How Not to Save the World: What should we do about toxic assets?

How Not to Save the World: What should we do about toxic assets?

Paul Krugman, who won last year’s Nobel Prize, is one of the most talented economists working today, and also one of the best writers in the profession. He is a liberal Democrat and I am not, but his op-ed piece in today’s New York Times is the best dissection I have yet seen of the flaws of the latest bank rescue plan which, as Krugman points out, is essentially a rehash of the original, and failed, Bush-Paulson Troubled Asset Recovery Plan (TARP).

I won’t try to paraphrase Krugman’s article here; he says everything that needs to be said far more eloquently than I could, and you should definitely read the article, available on It is right on every count.

TheĀ  Obama Administration’s essential problem is that for all of the President’s talk about making tough decisions, he wants to avoid offending anyone and has consequently come up with a plan bound to offend almost everyone, while failing to resolve the underlying issue: what to do with the hundreds of billions of dollars in bad assets weighing down the banks’ balance sheets and preventing them from lending.

President Obama may think he can avoid giving more red meat to Rush Limbaugh and his followers by steering around the only workable solution, which is to nationalize the failed banks, strip out the bad assets, restructure the banks, and then sell them back to the public. This, he fears, would be proof of his “socialist” agenda. So instead he has proposed a far more dangerous plan, socialist or not, which is to subsidize the purchase of these bad assets by private investors, essentially using taxpayers’ money to inflate their value.
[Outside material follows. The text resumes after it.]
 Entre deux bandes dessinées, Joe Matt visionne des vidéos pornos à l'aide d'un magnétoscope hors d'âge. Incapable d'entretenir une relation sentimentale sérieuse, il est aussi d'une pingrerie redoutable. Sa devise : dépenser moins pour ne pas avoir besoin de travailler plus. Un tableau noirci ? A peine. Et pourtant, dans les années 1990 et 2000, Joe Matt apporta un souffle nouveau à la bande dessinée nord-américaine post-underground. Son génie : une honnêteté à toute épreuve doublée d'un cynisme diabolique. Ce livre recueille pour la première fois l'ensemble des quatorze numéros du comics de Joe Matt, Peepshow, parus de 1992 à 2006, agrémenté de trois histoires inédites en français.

With my libertarian political leanings I instinctively fear anything that increases government ownership of or intervention in business, but in these times I see no alternative to large-scale government intervention to save the financial system on which the entire world economy depends. The prevailing sentiment seems to be that government has to do something – anything – immediately to prevent a total collapse, but as so often happens, the prevailing sentiment is wrong. Doing the wrong thing is worse than doing nothing at all. If the President follows through with the plan, details of which Treasury Secretary Geithner is to release today, we will have borrowed and spent who knows how many hundreds of billions of dollars and will remain saddled with a badly crippled banking system.

I do part company with Krugman on one point. He has argued in favor of an even bigger fiscal stimulus package than the $789 billion one passed a month ago, but I have some grave doubts about its likely effectiveness and even its necessity. In spite of the continual depressing news about negative economic growth, the decline in world trade, factory closures, and job losses, we will ultimately climb out of this recession as we have done in every previous recession. This recession is a direct consequence of the financial crisis, and unless we fix the banking system correctly and soon the climb will be steep, long, and hard.
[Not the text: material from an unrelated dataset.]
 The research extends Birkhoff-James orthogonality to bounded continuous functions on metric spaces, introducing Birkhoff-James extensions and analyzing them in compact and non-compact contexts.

If President Obama enacts the policies needed to fix the financial system history will judge his presidency a success. If he follows the present course nothing else he may do over the next four years will matter. He will have failed, and all the hopes about restoring America’s reputation and position in the world will have been shredded. Unlike Rush Limbaugh, I desperately want President Obama to succeed. In the near term, the best he could do would be to heed Paul Krugman’s advice.